Дейтона Дейв говорит: «Помните то малолетнее гуковское создание, которое хотело батончик съесть? Оно меня укусило. Я же пошел в деревню, сироток подыскать, и в засаду к этому юному Виктор-Чарли попал. Подбежал и чуть кусок руки не отхватил». Дейтона поднимает левую руку, показывая маленькие красные полумесяцы, оставленные зубами. «Там детишки утверждают, что наш ням-ням намба тен. Как бы бешенством не заболеть».
Чили-На-Дом усмехается. Он поворачивается к Стропиле. «Именно так, салага. Ты тут понимаешь, что достаточно просолился, когда банки с консервами начинаешь бросать не детям, а в детей».
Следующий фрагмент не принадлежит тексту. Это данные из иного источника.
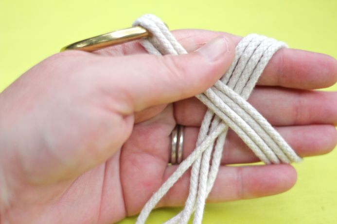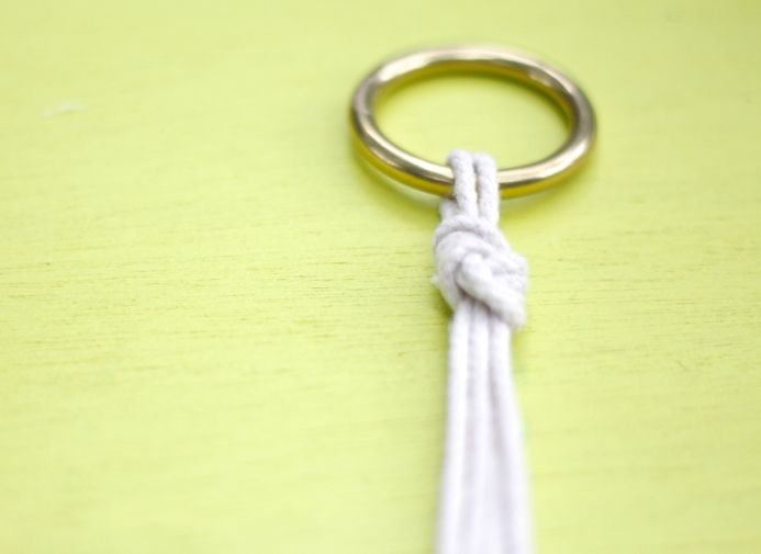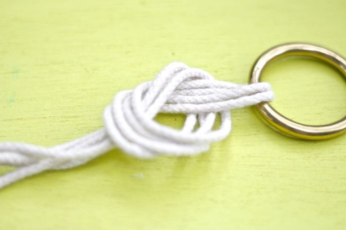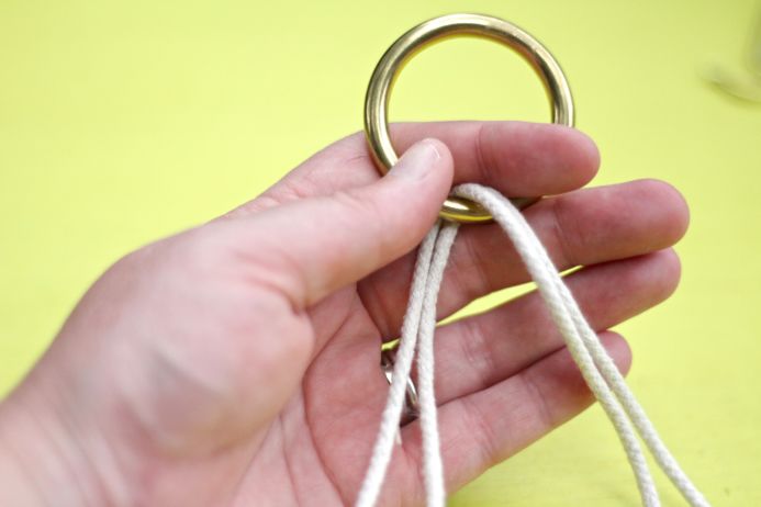 2. Thread both pieces of rope through the metal O-ring so that there are equal parts on each side of the ring.

Я говорю: «Мне явно снова в говно надо. Столько недель прошло, а я за это время не слышал ни одного выстрела в гневе праведном. Тоска смертная. Как мы в Мире потом к жизни привыкать будем? День без крови – что день без солнечного света».
Чили-На-Дом говорит:
– Не дергайся. Та старая мамасан, что нам одежки стирает, рассказывает такие вещи, что про них даже служаки из разведки не знают. Она говорит, что в Хюэ вся гребаная северовьетнамская армия крепко окопалась в старой крепости, которая зовется Цитадель. Тебе оттуда не вернуться, Джокер. Виктор Чарли попадет тебе прямо в сердце. Корпус отправит твою худосочную задницу домой в алюминиевом ящике за триста долларов, и ты будешь там весь такой разодетый, как служака, на тебя там напялят мундир из парадного комплекта. Только шляпу белую не дадут. И штанов тоже. Штанов они не дают. И все твои школьные приятели, и все родственники, которых ты один хрен никогда не любил, придут на твои похороны, и будут называть тебя добрым христианином, и будут говорить о том, что ты совершил геройский поступок, позволив замочить себя в борьбе за разгром коммунизма, а ты будешь просто лежать себе с холодной жопой, дохлый как селедка".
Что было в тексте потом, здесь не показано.